Community sources to check (use web search):

oss-security mailing list - where researchers post before/alongside CVEs
Full Disclosure - uncoordinated disclosures, PoCs
r/netsec, r/ReverseEngineering, Hacker News - community discussion, writeups, early signal
Project-specific bug trackers - Chromium, Firefox, Linux kernel, etc.
Vendor security bulletins - Microsoft Patch Tuesday, Apple security updates, etc.
Twitter/X - #0day, #bugbounty, researcher accounts, vendor security teams

What to extract:

Recently patched vulnerability classes (variant analysis targets)
Components receiving security attention (hot areas)
Researcher writeups describing methodology (technique inspiration)
Unfixed issues in bug trackers marked as security-sensitive

Proceed to Phase 1 when: you have a clear picture of recent CVEs, active research, and community attention on the target or its ecosystem. If nothing comes up, that's still useful - it means fewer known attack patterns to build on, so original research matters more.

Phase 1: Target Profiling

Understand the target before looking for bugs. The goal is to build a mental model of the attack surface.

For source code repos:

# Language and framework breakdown
tokei . 2>/dev/null || (find . -name '*.py' -o -name '*.js' -o -name '*.ts' -o -name '*.c' \
  -o -name '*.cpp' -o -name '*.go' -o -name '*.rs' -o -name '*.java' | head -50)

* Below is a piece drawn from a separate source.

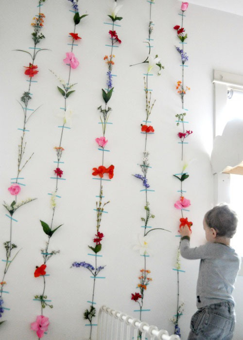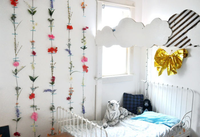 The cloud bed is everyone’s favorite, but I’ve discovered I like the big blank wall the best. It allows me to change the room with the season. There really isn’t the option of rearranging the furniture in this room, so switching up projects on the wall makes the room seem new again. The waxed leaves we did in the fall was my favorite project so far, but the Christmas tree was good too, and I love the flowers now. I guess I like them all!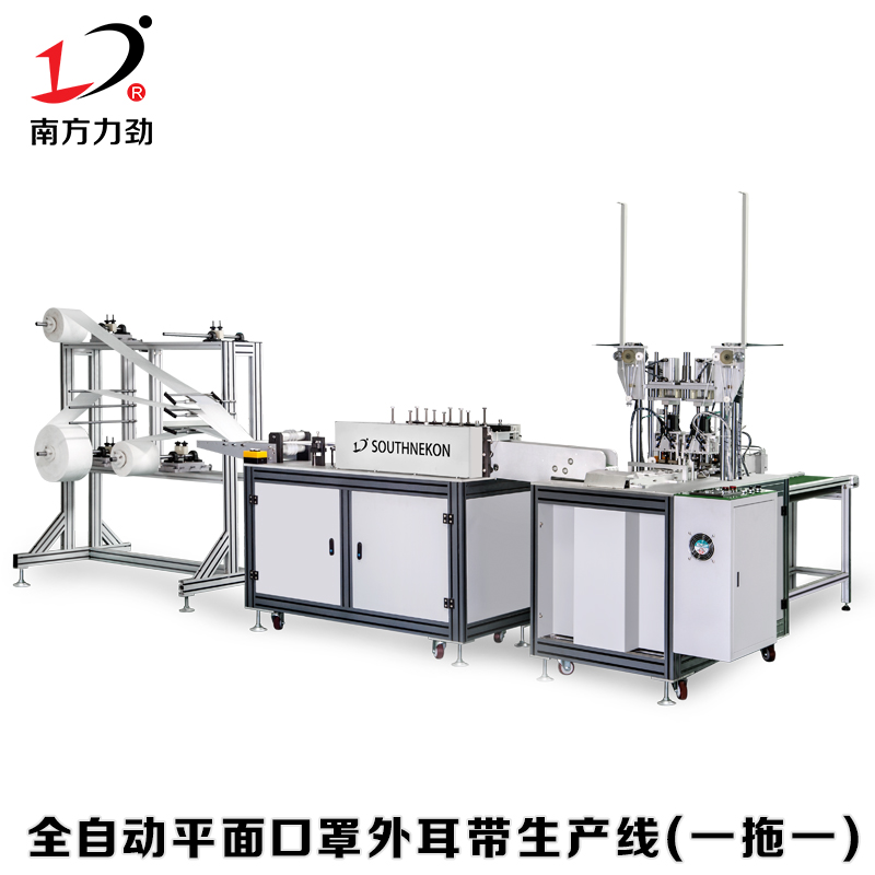 我們知道平面口罩是由口罩本體與耳帶組合而成,傳統(tǒng)平面口罩機是由一臺本體機生產(chǎn)口罩本體,再由內(nèi)/外耳帶機焊接耳帶,為了實現(xiàn)本體機與自動點耳帶機產(chǎn)量的 配合,我們需要一臺本體機組合一臺內(nèi)外耳帶機,以此達到產(chǎn)線的 大效率.南方力勁 NK-UMM06一拖一平面口罩機實現(xiàn)機器的自動化生產(chǎn),每分鐘產(chǎn)量達60-80片!

# Dependencies (attack surface via supply chain)
cat package.json requirements.txt go.mod Cargo.toml pom.xml 2>/dev/null | head -80

# Entry points - where external input enters the system
grep -rn 'app\.\(get\|post\|put\|delete\|patch\|use\)\|@app\.route\|@RequestMapping\|func.*http\.Handler\|#\[.*route\]' --include='*.py' --include='*.js' --include='*.ts' --include='*.go' --include='*.rs' --include='*.java' . 2>/dev/null | head -30

# Parser/deserializer locations (high-value targets)
grep -rn 'parse\|deserialize\|unmarshal\|decode\|from_bytes\|read_struct\|unpack' --include='*.py' --include='*.c' --include='*.cpp' --include='*.go' --include='*.rs' . 2>/dev/null | head -30

# Security-sensitive operations
grep -rn 'exec\|system\|popen\|eval\|spawn\|crypto\|encrypt\|decrypt\|hash\|sign\|verify\|auth\|token\|session\|cookie\|jwt' --include='*.py' --include='*.js' --include='*.ts' --include='*.go' --include='*.rs' . 2>/dev/null | head -40

# Git history - recent security-related changes
git log --oneline --all --grep='CVE\|vuln\|security\|fix\|patch\|overflow\|inject\|bypass\|sanitize' | head -20

Language-specific high-value targets (where memory corruption hides in "safe" languages):

Rust: unsafe blocks and FFI boundaries - memory corruption enters here
Go: import "C" (CGo) - C code behind Go interface, plus marshaling bugs
Java: native methods (JNI) - C/C++ code callable from managed code

For binaries (Linux/macOS):

# File type and architecture
file TARGET_BINARY
readelf -h TARGET_BINARY 2>/dev/null || otool -h TARGET_BINARY 2>/dev/null

# Security mitigations in place
checksec --file=TARGET_BINARY 2>/dev/null || (
  readelf -l TARGET_BINARY 2>/dev/null | grep -i 'GNU_STACK\|GNU_RELRO'
  readelf -d TARGET_BINARY 2>/dev/null | grep -i 'BIND_NOW\|FLAGS'
)

# Linked libraries (attack surface)
ldd TARGET_BINARY 2>/dev/null || otool -L TARGET_BINARY 2>/dev/null

# Strings - low-hanging fruit (URLs, paths, format strings, debug messages)
strings -n 8 TARGET_BINARY | grep -iE 'http://\|https://\|/tmp/\|/etc/\|password\|key\|token\|%s\|%d\|%x\|%n\|debug\|error\|fail' | head -40

# Symbols (if not stripped)
nm -D TARGET_BINARY 2>/dev/null | grep -i 'malloc\|free\|strcpy\|strcat\|sprintf\|gets\|system\|exec\|popen' | head -20

# Imports/exports
readelf -s TARGET_BINARY 2>/dev/null | grep -v 'UND\|LOCAL' | head -30

For binaries (Windows PE):

# PE headers and architecture (Visual Studio tools or dumpbin)
dumpbin /headers TARGET.exe | Select-String "machine|subsystem|entry point"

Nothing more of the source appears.